Dataset excerpts
=== Section Start ===
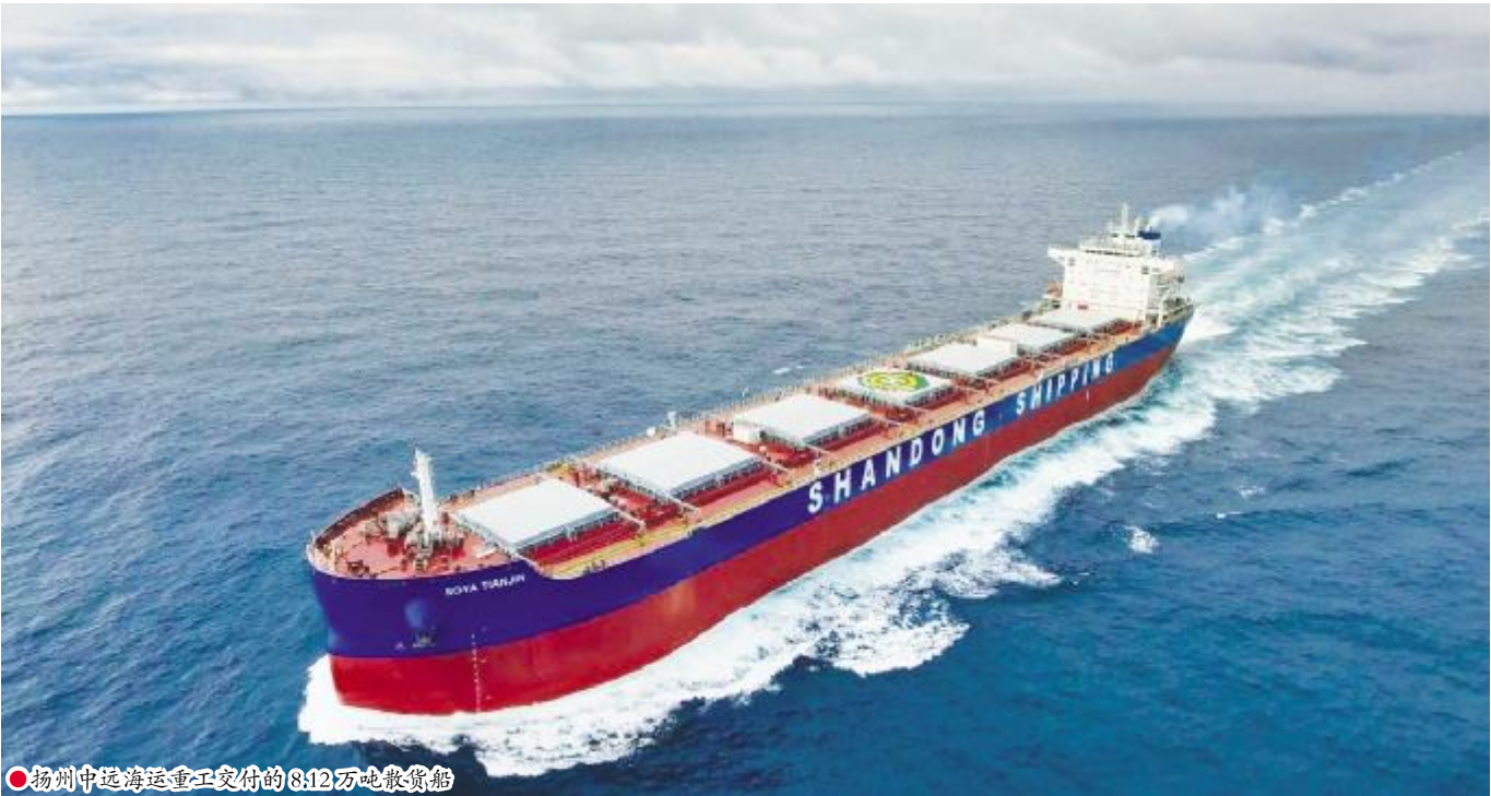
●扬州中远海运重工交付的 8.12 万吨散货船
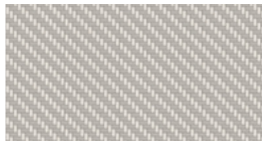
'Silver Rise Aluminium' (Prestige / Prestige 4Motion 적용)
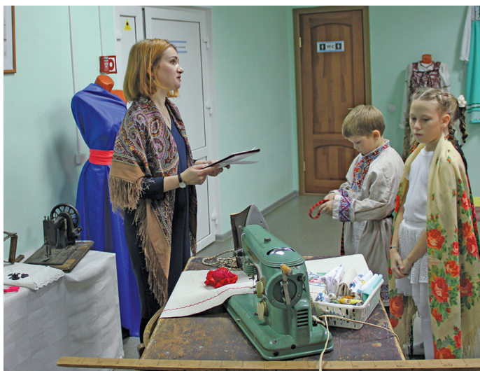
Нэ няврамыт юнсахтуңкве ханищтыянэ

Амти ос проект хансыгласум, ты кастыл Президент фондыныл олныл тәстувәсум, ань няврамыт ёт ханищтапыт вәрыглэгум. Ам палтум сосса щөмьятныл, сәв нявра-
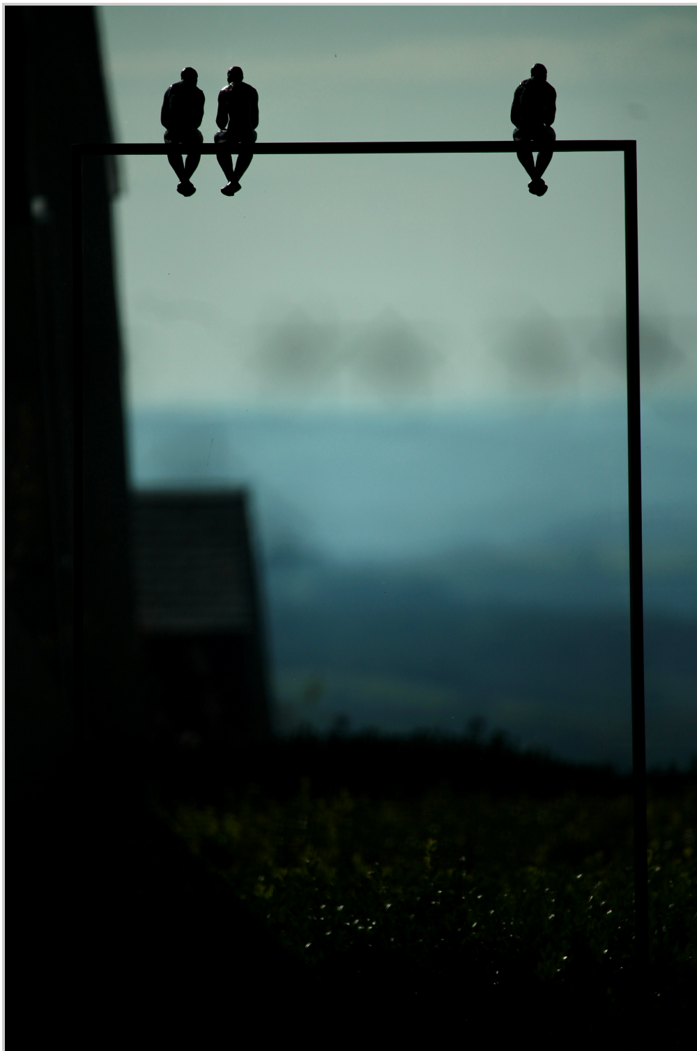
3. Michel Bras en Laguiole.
=== Section End ===
- **TASK DETAILS**:
Could you reproduce exactly the lines from the one containing "Prestige 4Motion 적용)" through the last line of the records, both included, leaving out the pictures?

- **YOUR SOLUTION**:
'Silver Rise Aluminium' (Prestige / Prestige 4Motion 적용)
Нэ няврамыт юнсахтуңкве ханищтыянэ

Амти ос проект хансыгласум, ты кастыл Президент фондыныл олныл тәстувәсум, ань няврамыт ёт ханищтапыт вәрыглэгум. Ам палтум сосса щөмьятныл, сәв нявра-
3. Michel Bras en Laguiole.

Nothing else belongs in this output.